*** Data to process Section Begins ***

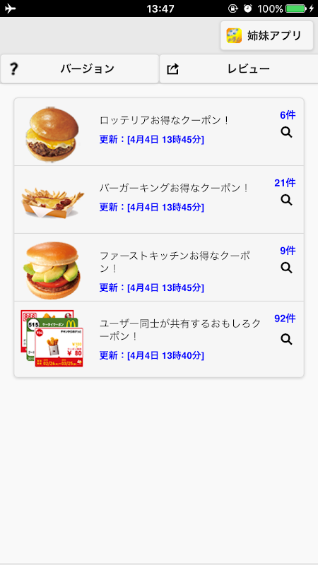 ・1タップでクーポン券をダウンロード、更新できます。さらにオフラインでも参照できます
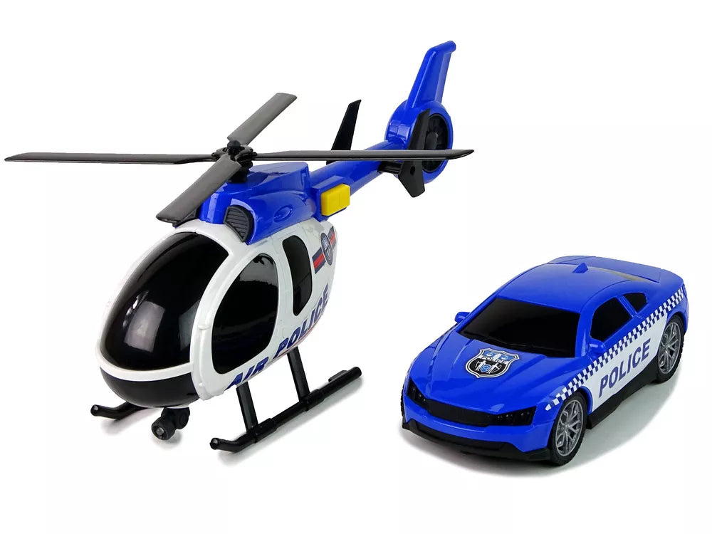 Policijos rinkinys: tralas, automobilis, sraigtasparnis su garso ir šviesos efektais ⭐
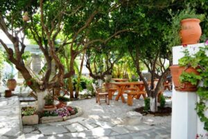 There is a good choice of accommodation, but wisely, as it turned out, we chose a small, family-run hotel a couple of streets back from the waterfront, that had a beautiful, leafy, quiet courtyard for guests’ use, and where a delightful breakfast was served every morning. The waterfront is lively, and filled with charming little cafes and tavernas, leafy, cobbled side streets, lined with smart little boutiques, a few good quality souvenir shops—a number featuring items locally made from olive wood—and a selection of shops mostly for local patronage, indicating that the island isn’t just kept alive for visitors–as is the case with some destinations.
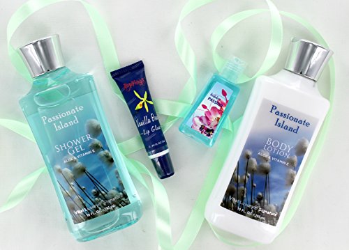 - Body Lotion: Passionate Island body lotion infused with Vitamin E, Aloe, and skin-softening Shea Butter, this formula soften dry rough skin and delivers long-lasting moisturizing.
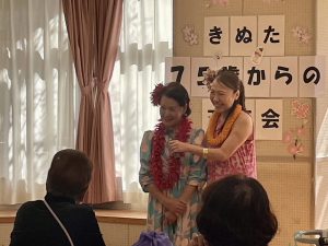 さらに「お楽しみ会」として、レイアロハフラスタジオによるフラ、そして民生児童委員の阪西さんのピアノとリードでの歌の時間があります(^^♪
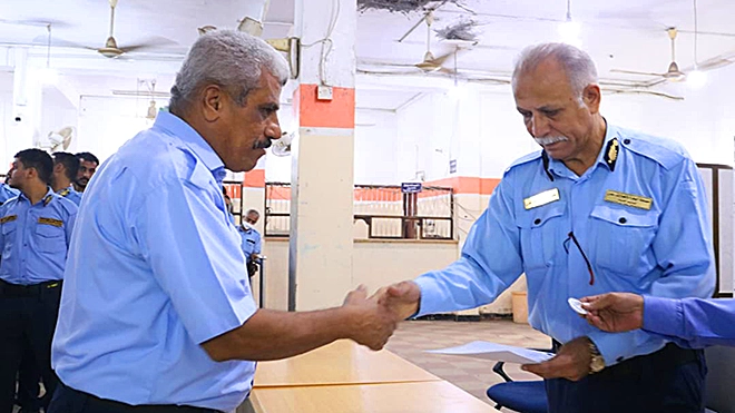 ودعا العميد الشاووش جميع الضباط والأفراد إلى مواصلة الانضباط والالتزام بالدوام الرسمي والزي العسكري، وبذل مزيد من الجهد في إنجاز معاملات المواطنين أولاً بأول، مشددًا على أهمية التحلي بحسن التعامل والأخلاق الرفيعة، واستقبال المواطنين بروح إيجابية تعكس صورة مشرّفة عن منتسبي الهجرة والجوازات بعدن.
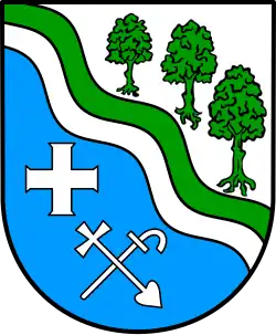 Blasonierung: „Durch einen von Grün und Silber geteilten Schrägwellenbalken von Silber und Blau geteilt, oben links drei bewurzelte grüne Bäume, unten rechts ein schwebendes gleicharmiges angetatztes silbernes Kreuz, darunter ein silberner Hirtenstab und eine silberne Kreuzeslanze schräggekreuzt.“ |
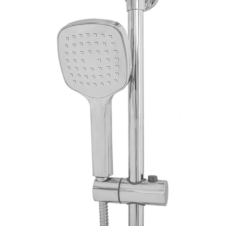 Душевая система Orange Thermo: термостат (управление осуществляется с помощью двух стильных ручек: левая - регулирует напор воды, правая - управляет температурой, создавая идеальные условия для принятия водных процедур), телескопическая штанга 865-1250 мм, верхний душ (230х230 мм) с регулировкой угла наклона и силиконовыми форсунками (защита от известкового налета), ручной душ d 120 мм (1 режим), регулируемый по высоте и углу наклона держатель ручного душа, шланг 1500 мм в металлической оплетке с защитой от перекручивания. Цвет глянцевый хром.

*** Data to process Section Ends ***

How to complete this task:
Give again, word for word, every line from the top of the data through the line with "ودعا العميد الشاووش", both ends included, and exclude the pictures.

Task solution:
 ・1タップでクーポン券をダウンロード、更新できます。さらにオフラインでも参照できます
 Policijos rinkinys: tralas, automobilis, sraigtasparnis su garso ir šviesos efektais ⭐
 There is a good choice of accommodation, but wisely, as it turned out, we chose a small, family-run hotel a couple of streets back from the waterfront, that had a beautiful, leafy, quiet courtyard for guests’ use, and where a delightful breakfast was served every morning. The waterfront is lively, and filled with charming little cafes and tavernas, leafy, cobbled side streets, lined with smart little boutiques, a few good quality souvenir shops—a number featuring items locally made from olive wood—and a selection of shops mostly for local patronage, indicating that the island isn’t just kept alive for visitors–as is the case with some destinations.
 - Body Lotion: Passionate Island body lotion infused with Vitamin E, Aloe, and skin-softening Shea Butter, this formula soften dry rough skin and delivers long-lasting moisturizing.
 さらに「お楽しみ会」として、レイアロハフラスタジオによるフラ、そして民生児童委員の阪西さんのピアノとリードでの歌の時間があります(^^♪
 ودعا العميد الشاووش جميع الضباط والأفراد إلى مواصلة الانضباط والالتزام بالدوام الرسمي والزي العسكري، وبذل مزيد من الجهد في إنجاز معاملات المواطنين أولاً بأول، مشددًا على أهمية التحلي بحسن التعامل والأخلاق الرفيعة، واستقبال المواطنين بروح إيجابية تعكس صورة مشرّفة عن منتسبي الهجرة والجوازات بعدن.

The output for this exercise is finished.